### Work instructions:
The output should match, line for line, the records from the line containing "Frontknapplukking; 69% ull, 29%" through the line containing "Espejo oval de", with every picture left out.

### Data shown:
>>
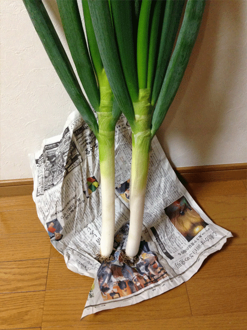 お隣のAさんは、畑で採れた旬の新鮮なお野菜をときどきお裾分けして下さいます。いつもご馳走様です。それにしても、こんな太くて大きく立派なネギをみたことありません。感動モノです♪炒め物や煮物にして美味しく頂きました(^Q^)
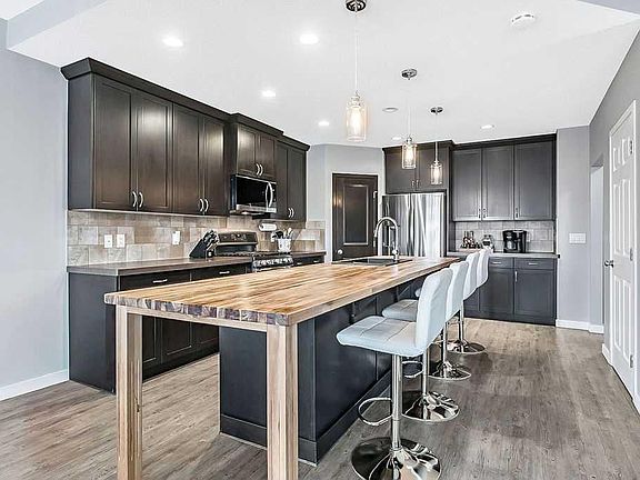 Welcome to your family-sized home in New Brighton — over 1800 SF — set on a MASSIVE, OVERSIZED PIE-LOT BACKING DIRECTLY ONTO NEW BRIGHTON ATHLETIC PARK. This is the kind of yard that truly changes your lifestyle. With a HUGE THREE-TIER DECK and a sunny, open stretch of green space, there’s room to relax, host, BBQ, garden, play, and unwind — all with NO NEIGHBOURS BEHIND YOU and unobstructed park views as your everyday backdrop. The backyard is designed for living: the three-tier deck creates natural outdoor “zones” for lounging, dining, and entertaining, while the expansive lawn offers endless space for kids, pets, gardens, or a future play structure. Morning coffee. Summer BBQs. Evening fires. Kids running free. This is the backyard everyone wishes they had. Inside, the main level impresses with 9’ ceilings, luxury vinyl flooring, and a bright, sun-filled open-concept layout with large windows overlooking the backyard. The chef-inspired kitchen stands as the heart of the home — featuring a gas range, custom Acacia wood island with bar seating, full-height cabinetry with crown molding, corner pantry, dedicated coffee bar, and custom lighting. Warm, welcoming, and filled with natural light — this is a space designed for both everyday living and effortless entertaining. The dining area easily accommodates a large family table, with sunlight pouring in to create a warm, inviting atmosphere. From here, the layout flows seamlessly into the spacious family room, complete with a gas fireplace, tile surround, and custom built-ins — a perfect space to gather and relax. Upstairs, you'll find three generous bedrooms plus a versatile bonus/flex room — ideal as a playroom, home office, or media lounge. The king-sized primary suite delivers a comfortable retreat, featuring a designer feature wall, walk-in closet, and a private 3-piece ensuite. The partially developed basement provides a huge head start — already featuring a 4th bedroom, 3rd full bathroom, and a large rec/family room layout that’s just waiting for final finishes. Whether you’re dreaming of a home theatre, gym, games room, or cozy lounge, the heavy lifting is already done — about 90% complete and ready for you to finish the way you want. CALL TODAY BEFORE ITS GONE. Seller Says Buy This House, And We'll Buy Yours*. Homes For Heroes Cashback Program*. (*Terms and Conditions Apply).
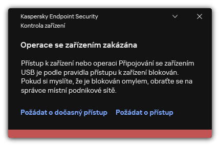 Když je k počítači připojeno zařízení, které je blokováno součástí Kontrola zařízení, aplikace Kaspersky Endpoint Security zablokuje přístup a zobrazí upozornění (viz obrázek níže).
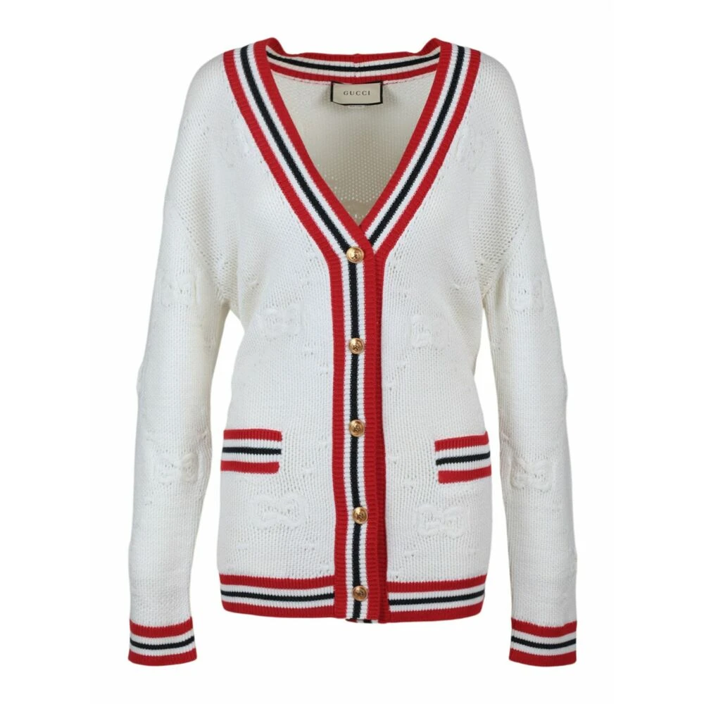 Frontknapplukking; 69% ull, 29% silke, 1% polyamid, 1% elastan; Lange ermer, to lommer foran, elastisk hem og mansjetter; Strikkede logoer, trimmet i rød-hvitt-navyblå stripe, Goldtone-knapper; ; Laget i Italia
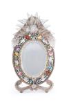 Espejo oval de tocador en madera y vidrio de Murano con orla de micromosaico, trabajo veneciano.
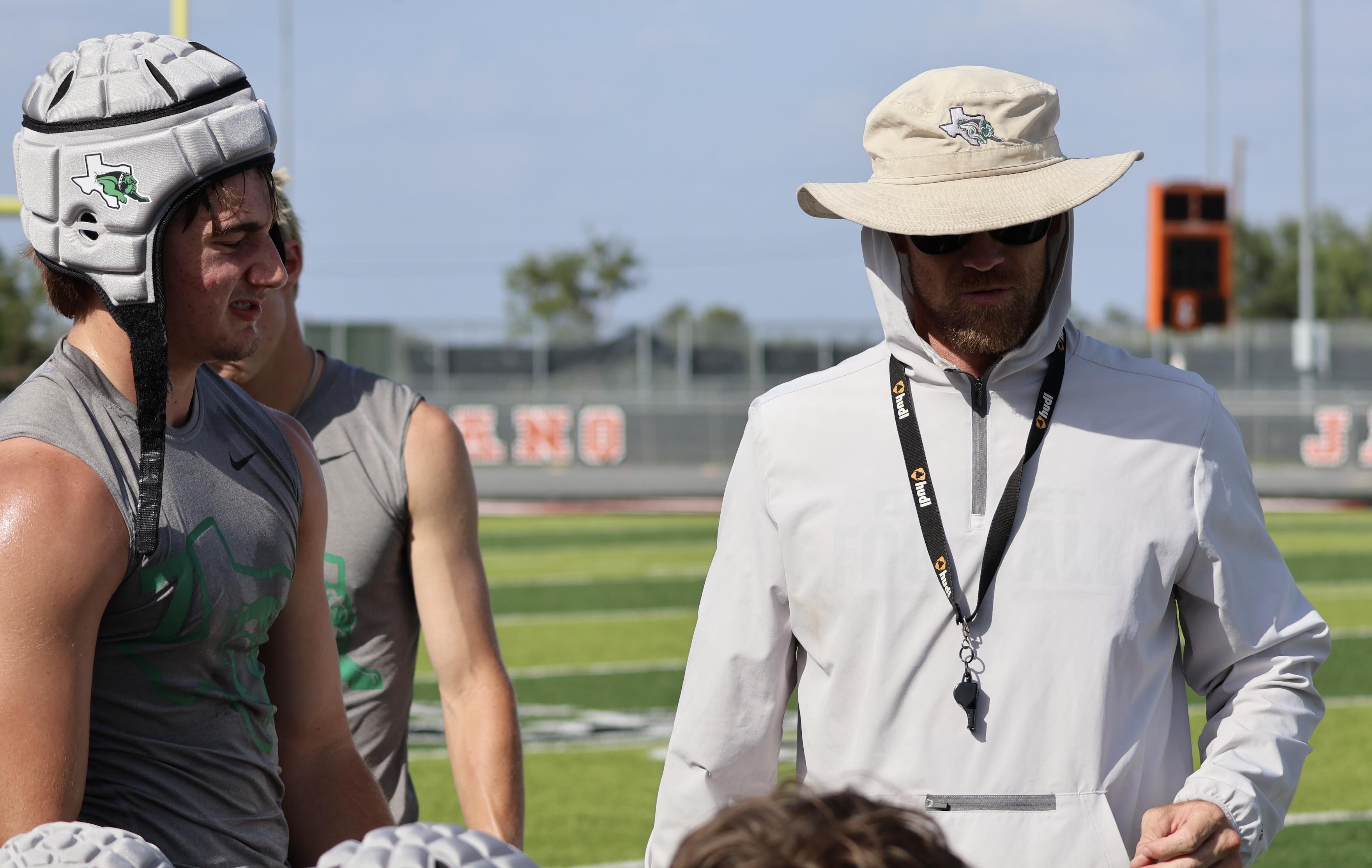CAPTION: Offensive coordinator Colton Brewer speaks to the Bulldogs as they rest between 7-on-7 contests as senior tight end Riley Howell (left) listens. Staff photo by Jennifer Fierro
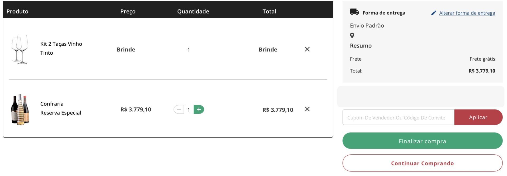 - O total valor a ser pago pode variar de acordo com os vinhos selecionados na troca.
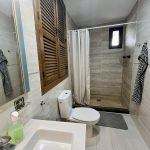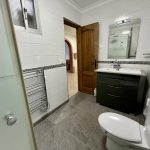 A full bathroom completes this floor , it’s fully tiled has a large walking shower , wall hung vanity with storage and a loo.
<<
### Result of this task:
 Frontknapplukking; 69% ull, 29% silke, 1% polyamid, 1% elastan; Lange ermer, to lommer foran, elastisk hem og mansjetter; Strikkede logoer, trimmet i rød-hvitt-navyblå stripe, Goldtone-knapper; ; Laget i Italia
 Espejo oval de tocador en madera y vidrio de Murano con orla de micromosaico, trabajo veneciano.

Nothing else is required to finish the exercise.